Когда блондинка снимала трусы на могиле Скотта, погибшего на Роше де Нэ 4 сентября 1922 года, я уже знал, что будет дальше: это-то и было хорошо. И с забулдыгами я умел себя вести: их много, они могут размозжить голову кому угодно, нужно быть начеку. Так и вижу: гурьба молодчиков с пьяными девицами разбивает мне о камни голову.
Конец лета для меня – словно конец долгого дня, я лучше различаю предметы, людей, блестящие от пота животы девиц, их посверкивающие на солнце лохмы, всегда готовые быть разведенными ноги.
– Почему вы назвали ее бедной? – спросили меня полицейские. – Это что, насмешка над убиенной?
У баб есть все: живот, попа, рот, исторгающий стоны страсти.
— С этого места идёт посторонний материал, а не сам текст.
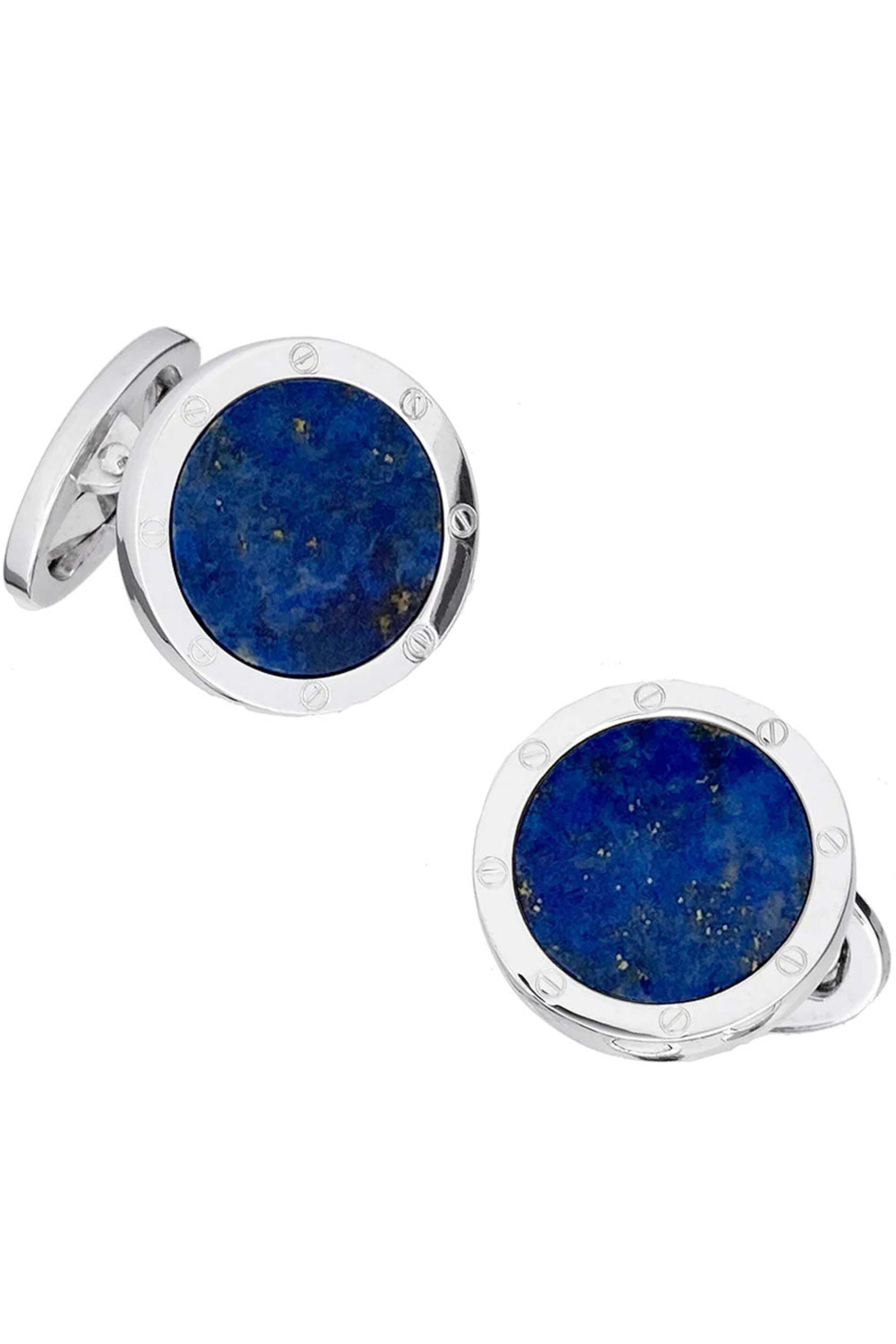 Jan Leslie Lapis Rivet Etch Detail Cufflinks. 925 sterling silver. Lapis. Feature a screw-detail setting. Features an anti-tarnish rhodium finish that makes for lasting wear.
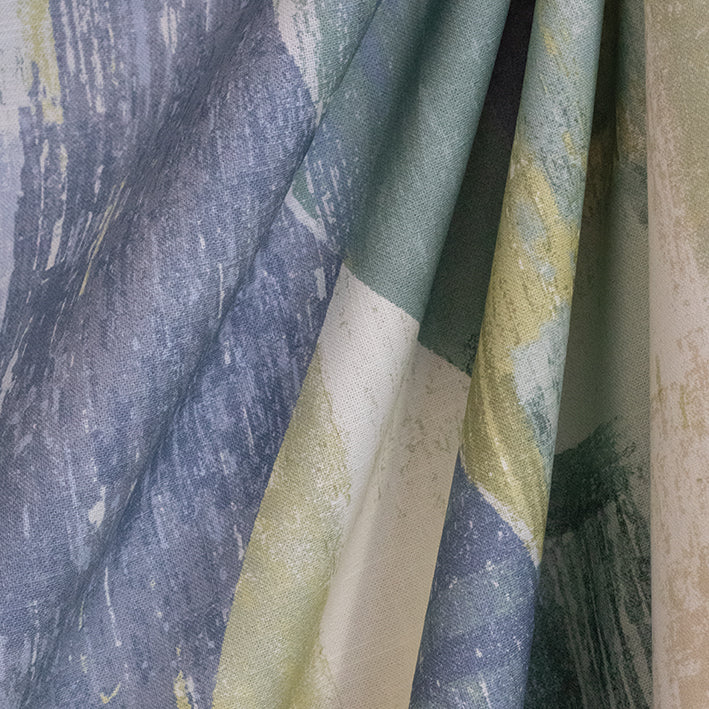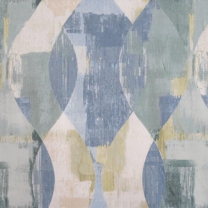 Overlapping blues and greens create an effect like flowing raindrops on a windowpane in this print. Calming and serene, this fabric can be used for cushions, curtains, and occasional upholstery.

Весь мир кружится вокруг них, как вокруг оси.
– Вы отказываетесь отвечать?
Сперва, проходя мимо нижней церкви, я слышал пение или звуки органа, потом привык и перестал их воспринимать, зато теперь слышу ветер, носящийся по пастбищу. Лгу ли я? Когда я пробираюсь кустами к могиле Скотта, слышно ли мне еще пение из церкви? Бежать? Девица уже разделась, каркают вороны, да, я слышу и пение, и звуки органа, и даже вторю пению хора. Девица стонет, ее тело равномерно двигается в соитии с мужским, словно танцует, затем они меняют положение – и продолжают по-собачьи: два животных, два мощных дыхания, из-за которых они не слышат меня. Глядя на них, испускаю дух и я, у меня нет времени даже обтереться, я бросаюсь в кусты. Из церкви доносится пение: «Христос воскрес из мертвых». В воздухе пахнет ванилью. Таких, как я, слоняющихся по кладбищу, немало, это мои собратья, бродяги. Скоро опустятся сумерки, появятся красотки и повылезет всякая шваль – эти-то меня не видят, а тот тип, у которого что-то было с Эллой, видел ли он меня? Вернись, Элла… Потребовать тишины, чтобы слышно было, как ветер разносит имя Эллы, заставить замолчать девицу, вплоть до того, что пристукнуть ее. Вернись, Элла, голубка моя, тебе не воскреснуть ни среди облаков, ни на земле, где на старой могильной плите сохнет моя сперма. Ты достаточно наглоталась моей спермы, Элла, меж кривых, как гнилые пеньки во рту, английских крестов.
Музыка струится по земле, орган, детство… девичьи кости занимают места не больше, чем череп летучей мыши, разбившейся о вороний клюв… вечер торопится, спешит на смену дню… важно лишь одно – груди как шары, живот, ляжки, стоны… вопли осужденных и отверженных, Он воскрес на третий день и с тех пор царит во всей Своей славе… голубые отсветы на скалах. Я возвожу очи горе: солнцу не поразить меня днем, луне – ночью, горние отсветы не гаснут… мелодия звучит на берегу, когда вода с камнем поют в унисон одну песнь о небытии.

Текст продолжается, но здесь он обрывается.